Custom Permalinks for Custom Tables and Pages


Custom Permalinks for WordPress Custom Template Page or Custom Tables

I've blogged before about custom routing in WordPress, but today I faced a more practical problem. Let's say you've create a page template and are displaying some information on it based on the query parameters. For example:

And you've created a custom table for your recipes (though in this case they would fit in as a post type, but for the sake of example bare with me). Say you've done something like this:

global $wpdb;
if ( ! empty($wpdb->charset) )
    $charset_collate = "DEFAULT CHARACTER SET $wpdb->charset";
if ( ! empty($wpdb->collate) )
    $charset_collate .= " COLLATE $wpdb->collate";

$schema = "CREATE TABLE {$wpdb->prefix}recipes(
        slug varchar(255) NOT NULL,
        description TEXT
        ) $charset_collate;";
require_once( ABSPATH . 'wp-admin/includes/upgrade.php' );
dbDelta( $schema );

And you've gone through all the effort to display the description and a bunch of other information linked from other tables, but now you're stuck with URLs that look like the above, and you've decided they're ugly and you'd rather have a nice structure like this:

Where the real-cool-recipe is the slug of the recipe. Believe it or not, this is actually pretty simple to do with WordPress permalinks! Though there is a very dasterdly gotcha here:

If another post is set to the same thing as your permalink's structure, you'll get an endless redirect

More on that in a moment, here's how to do it:


add_action( 'init', 'vanity_setup' );
function vanity_setup(){
    $pageId = 47; //pull this from the page with the recipes template

add_filter( 'query_vars', 'vanity_vars' );
function vanity_vars( $query_vars ){
    $query_vars[] = 'recipe_id'; //dont forget this!
    return $query_vars;

add_action('pre_get_posts', 'vanity_permalink', 10, 3);

function vanity_permalink($query) {

    if( isset($query->query_vars['recipe_id']) 
        && !empty($query->query_vars['recipe_id']) 
        && !is_numeric($query->query_vars['recipe_id']) 
        && isset($query->query_vars['page_id']) ){

            switch ($query->query_vars['page_id']) {
                case 47:
                    $query->query_vars['recipe_id'] = Recipe::getIdBySlug($query->query_vars['recipe_id']); 

Alright, so let's examine the code!
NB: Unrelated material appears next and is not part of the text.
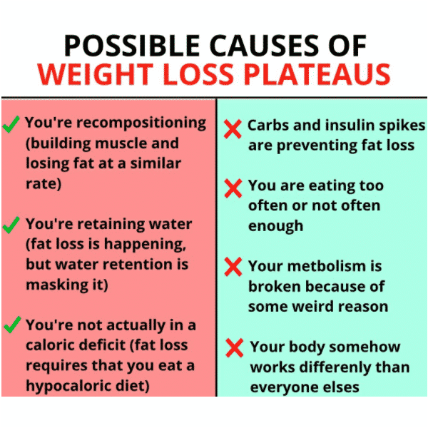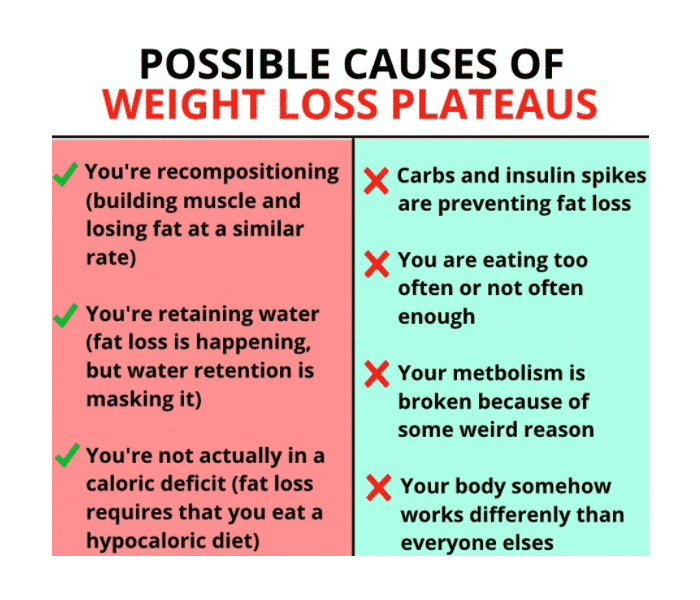 - You’re retaining water and you’ve lost fat, but water weight has masked this fat loss. This generally occurs after some initial weight loss.

First off, we create our rewrite rule, this must be setup in or before the init action. Because we know our page id then you can go ahead and use your knowledge to set which page we'll actually load (since we need it's template). Next, we create the redirect rule 'index.php?page_id='.$pageId.'&recipe_id=$matches[1]' which tells wordpress to treat it like we're getting the page_id and the recipe_id as query parameters. This is why we filter the query_vars and add the variable. The variable will not be availabled from $_GET becuase WordPress will filter it out.
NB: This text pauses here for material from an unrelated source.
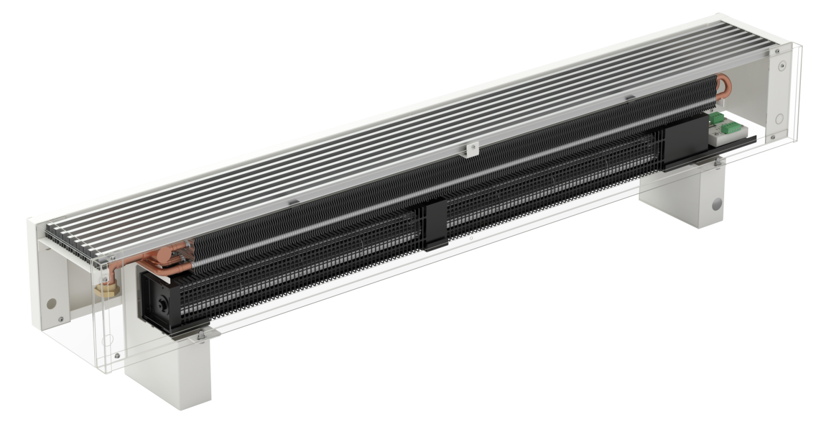 The KORALINE Optimal-V LVO height 150 mm, width 180 mm range of free-standing convectors is equipped with a specially designed Al/Cu heat exchanger and a set of low-energy, high-performance fans with minimal power consumption to ensure that the convectors achieve high efficiency even at low-temperature gradients. This type of convector is thus ideal for buildings with low-temperature systems such as heat pumps, solar systems, condensing boilers etc. The convectors can be controlled via BMS and due to their immediate response to changes in room temperature, very quiet operation and low surface temperature, they are suitable for use in family homes, apartment buildings and public areas.

Next, we do 'the magic' as it were. Mapping our slug to the id field in the pre_get_posts action. Note the call to if_on_recipe_index_page() is to prevent redirects. If you had another page whose name was recipes, and then set the permalink structure to display single recipes in recipes/slug and didn't do this, WordPress would keep jumping between them until your browser got tired.

All the checks in the condition before the switch statement is because we only want to filter the calls we want to know about. Then the switch statement is useful for if you need multiple structures like this and want to handle them in one routing function.

Note that once you use something like this you will have to save your permalinks everytime you make a change to the rule in the add_rewrite_rule.

Hope this helps someone!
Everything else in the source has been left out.